It’s hard not to question what would have happened had we finished the surgery and done chemo. But we just couldn’t fathom having her fight a painful, losing battle just so we could see her fuzzy face again. While sometimes I think it would have been worth it for us, it wouldn’t have been worth it for her. I know that, even though it's hard.

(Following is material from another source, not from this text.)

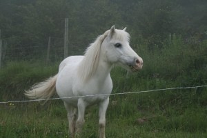 Just a costat de la casa, ens sorprèn trobar un bonic poney blanc.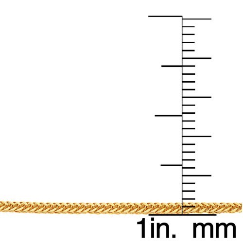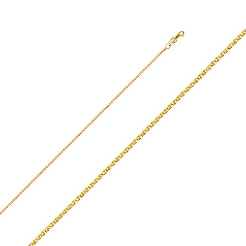 The necklace is completed with a matching 14k yellow gold flat wheat chain, available in lengths ranging from 16 to 24 inches. Each length offers a different weight, with the 16-inch chain weighing approximately 1.52 grams and the 24-inch chain around 2.09 grams. Secured by a reliable lobster claw clasp, this necklace combines grace and durability.

That night Avery picked out a movie from a bag of about ten DVDs her older neighbor friend gave her. Some of them are good --- Disney movies and such --- but some of them are junk, like Barbie movies that just make you roll your eyes. But she picked this one out, and a pug was throughout:



And that weekend, I found two more coins together.



And then in what is the surest sign of a Marti hello, I read a book that I’d had for weeks that I’d never read to the kids before. A dog eating a potato chip.



Then yesterday, we went to the library and grabbed some books. Of all the books, Avery grabs "Sally Goes to Heaven." And of course there's a pug on a couch saying hi.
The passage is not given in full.